Work request =
For the entries below, copy exactly the line that contains "Dalam Episode 78, ketika" through the line that contains "Lägenheten ligger på första", both ends included, and exclude all pictures.

Data listing =
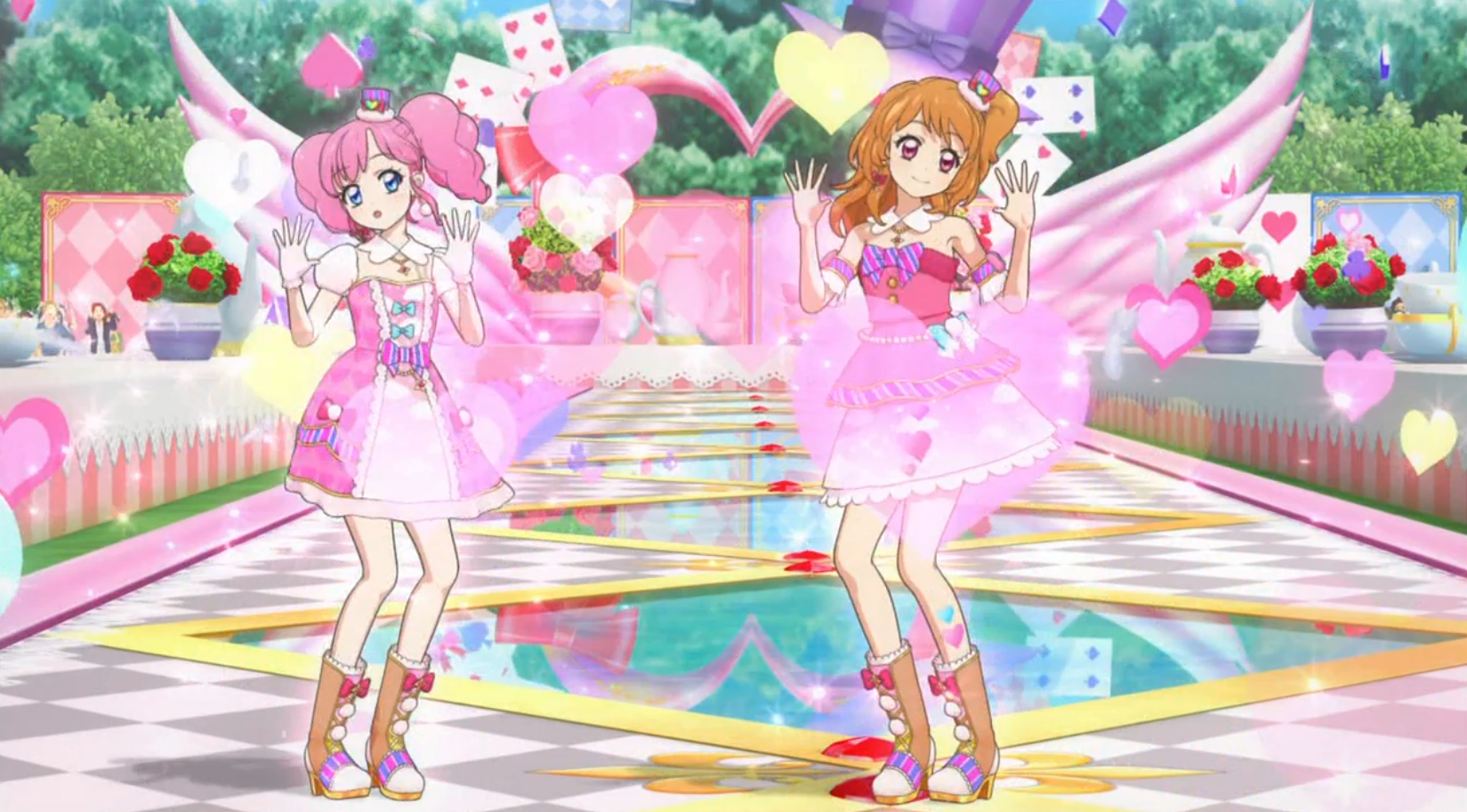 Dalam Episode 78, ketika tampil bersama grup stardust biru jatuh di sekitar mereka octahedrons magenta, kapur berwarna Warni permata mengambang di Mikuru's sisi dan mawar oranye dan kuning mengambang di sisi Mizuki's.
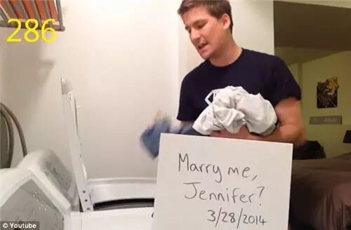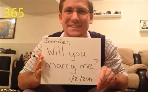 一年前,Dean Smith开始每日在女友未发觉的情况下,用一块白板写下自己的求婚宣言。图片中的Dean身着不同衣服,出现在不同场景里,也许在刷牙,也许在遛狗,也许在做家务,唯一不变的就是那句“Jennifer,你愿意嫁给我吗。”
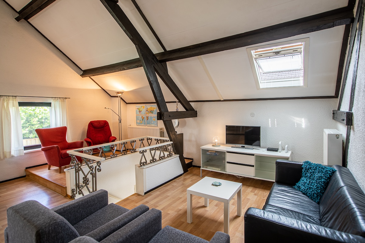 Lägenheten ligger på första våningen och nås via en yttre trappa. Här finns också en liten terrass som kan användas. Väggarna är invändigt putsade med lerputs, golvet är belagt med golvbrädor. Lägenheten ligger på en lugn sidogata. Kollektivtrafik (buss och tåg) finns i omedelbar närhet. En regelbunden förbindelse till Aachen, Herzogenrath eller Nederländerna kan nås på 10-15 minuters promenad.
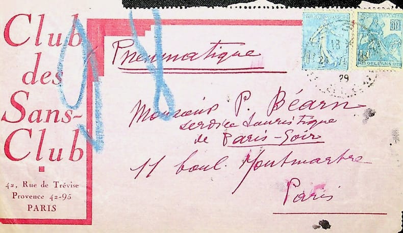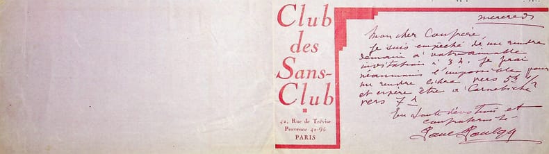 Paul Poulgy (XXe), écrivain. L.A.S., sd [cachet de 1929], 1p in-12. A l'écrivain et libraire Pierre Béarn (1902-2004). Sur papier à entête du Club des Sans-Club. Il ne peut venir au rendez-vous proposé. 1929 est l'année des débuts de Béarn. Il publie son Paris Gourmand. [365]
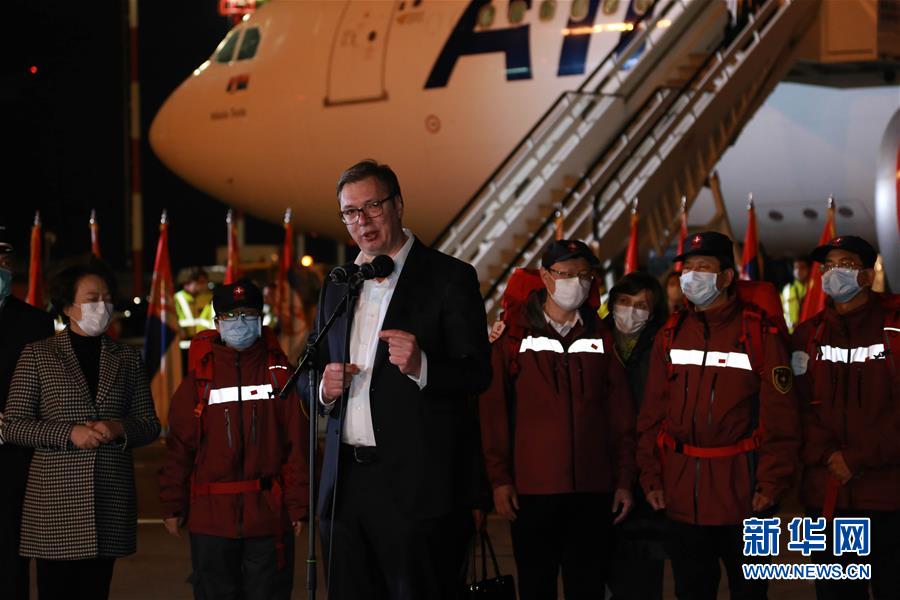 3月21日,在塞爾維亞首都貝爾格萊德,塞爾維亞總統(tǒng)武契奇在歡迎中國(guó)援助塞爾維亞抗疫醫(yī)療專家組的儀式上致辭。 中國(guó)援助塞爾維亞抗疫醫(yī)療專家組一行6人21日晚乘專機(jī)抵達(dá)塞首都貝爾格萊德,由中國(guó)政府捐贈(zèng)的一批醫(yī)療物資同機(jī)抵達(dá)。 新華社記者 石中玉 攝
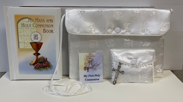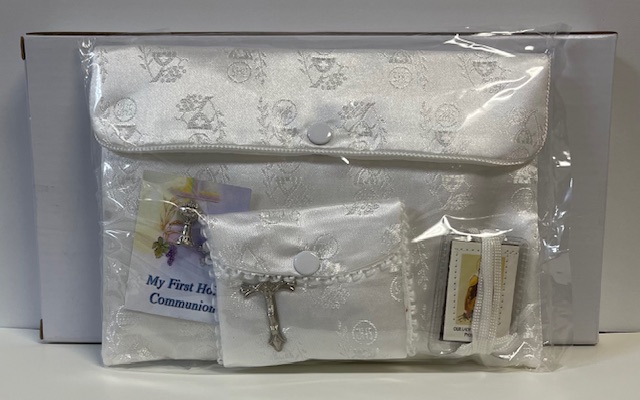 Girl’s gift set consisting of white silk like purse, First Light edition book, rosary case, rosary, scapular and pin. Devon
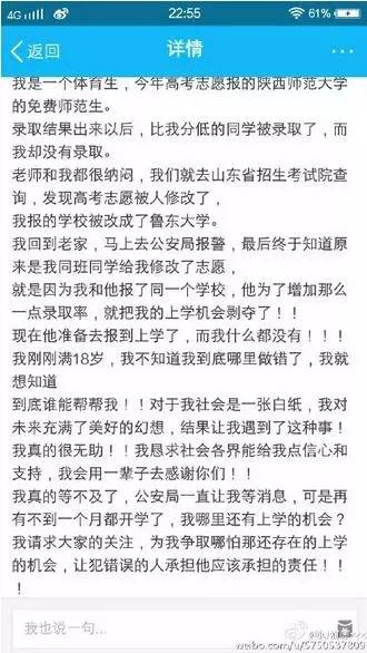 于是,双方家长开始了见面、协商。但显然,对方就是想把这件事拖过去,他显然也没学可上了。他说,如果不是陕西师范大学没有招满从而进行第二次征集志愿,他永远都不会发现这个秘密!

--

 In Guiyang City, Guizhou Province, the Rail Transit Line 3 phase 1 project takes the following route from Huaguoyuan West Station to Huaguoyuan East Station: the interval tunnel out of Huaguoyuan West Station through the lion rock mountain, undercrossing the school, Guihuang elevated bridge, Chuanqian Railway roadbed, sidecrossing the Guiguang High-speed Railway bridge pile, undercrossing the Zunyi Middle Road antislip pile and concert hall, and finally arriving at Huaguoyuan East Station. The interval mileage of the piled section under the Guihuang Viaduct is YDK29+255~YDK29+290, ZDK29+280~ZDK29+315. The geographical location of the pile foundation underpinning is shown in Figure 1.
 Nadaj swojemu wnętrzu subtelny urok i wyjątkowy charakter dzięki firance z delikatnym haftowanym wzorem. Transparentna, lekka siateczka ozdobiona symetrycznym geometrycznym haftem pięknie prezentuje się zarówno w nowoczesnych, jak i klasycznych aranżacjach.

Result below =
 Dalam Episode 78, ketika tampil bersama grup stardust biru jatuh di sekitar mereka octahedrons magenta, kapur berwarna Warni permata mengambang di Mikuru's sisi dan mawar oranye dan kuning mengambang di sisi Mizuki's.
 一年前,Dean Smith开始每日在女友未发觉的情况下,用一块白板写下自己的求婚宣言。图片中的Dean身着不同衣服,出现在不同场景里,也许在刷牙,也许在遛狗,也许在做家务,唯一不变的就是那句“Jennifer,你愿意嫁给我吗。”
 Lägenheten ligger på första våningen och nås via en yttre trappa. Här finns också en liten terrass som kan användas. Väggarna är invändigt putsade med lerputs, golvet är belagt med golvbrädor. Lägenheten ligger på en lugn sidogata. Kollektivtrafik (buss och tåg) finns i omedelbar närhet. En regelbunden förbindelse till Aachen, Herzogenrath eller Nederländerna kan nås på 10-15 minuters promenad.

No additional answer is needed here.